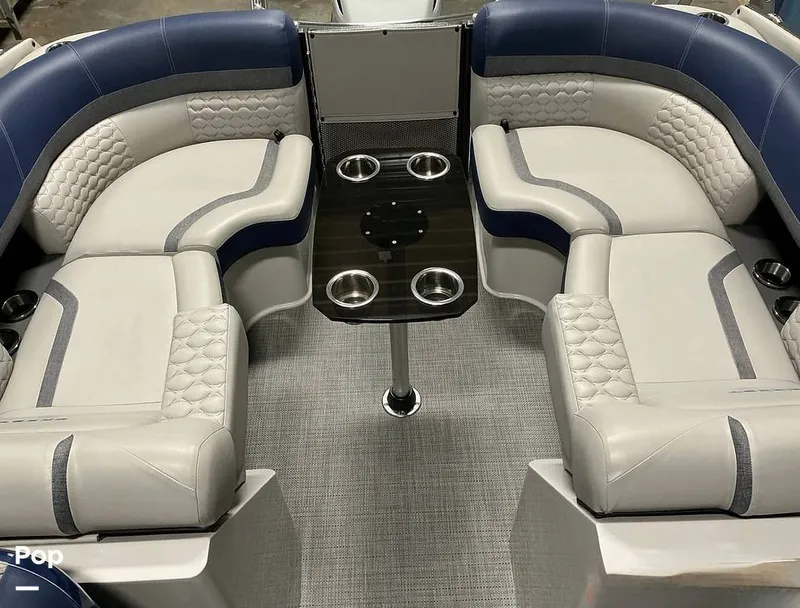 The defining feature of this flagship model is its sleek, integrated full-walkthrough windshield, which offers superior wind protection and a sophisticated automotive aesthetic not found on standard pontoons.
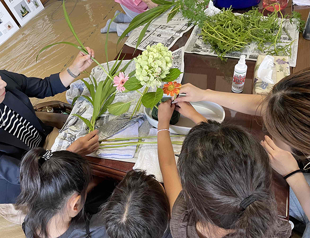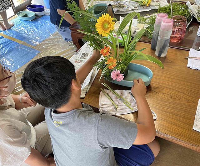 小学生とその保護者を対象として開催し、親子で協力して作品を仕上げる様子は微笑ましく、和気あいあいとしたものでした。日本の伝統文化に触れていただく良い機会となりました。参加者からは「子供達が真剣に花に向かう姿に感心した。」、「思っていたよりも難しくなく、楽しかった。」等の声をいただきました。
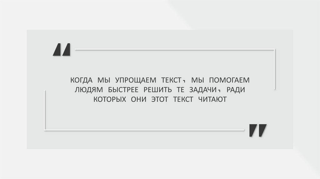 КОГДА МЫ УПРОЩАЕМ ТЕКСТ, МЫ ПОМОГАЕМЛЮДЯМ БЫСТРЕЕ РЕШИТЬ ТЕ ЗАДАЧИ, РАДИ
===============
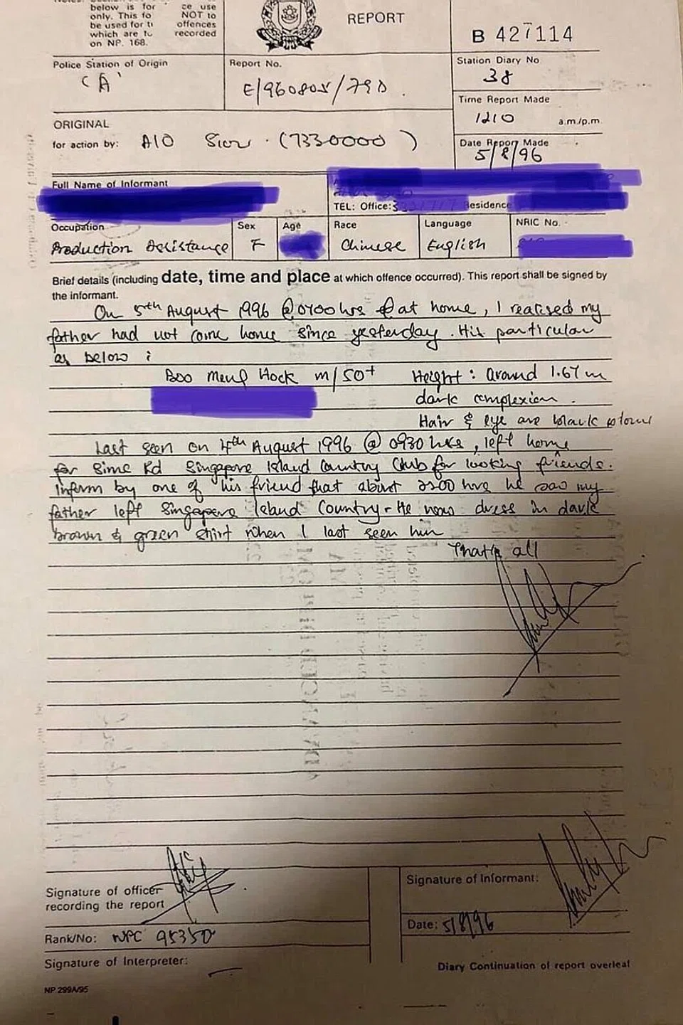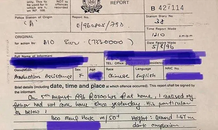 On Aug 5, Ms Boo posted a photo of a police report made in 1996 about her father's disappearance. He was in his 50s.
===============
=== Task instructions ===
Starting at the line containing "The defining feature" and stopping at the line containing "КОГДА МЫ УПРОЩАЕМ", output every line above exactly, both ends included, with pictures omitted.

=== Answer to the exercise ===
 The defining feature of this flagship model is its sleek, integrated full-walkthrough windshield, which offers superior wind protection and a sophisticated automotive aesthetic not found on standard pontoons.
 小学生とその保護者を対象として開催し、親子で協力して作品を仕上げる様子は微笑ましく、和気あいあいとしたものでした。日本の伝統文化に触れていただく良い機会となりました。参加者からは「子供達が真剣に花に向かう姿に感心した。」、「思っていたよりも難しくなく、楽しかった。」等の声をいただきました。
 КОГДА МЫ УПРОЩАЕМ ТЕКСТ, МЫ ПОМОГАЕМЛЮДЯМ БЫСТРЕЕ РЕШИТЬ ТЕ ЗАДАЧИ, РАДИ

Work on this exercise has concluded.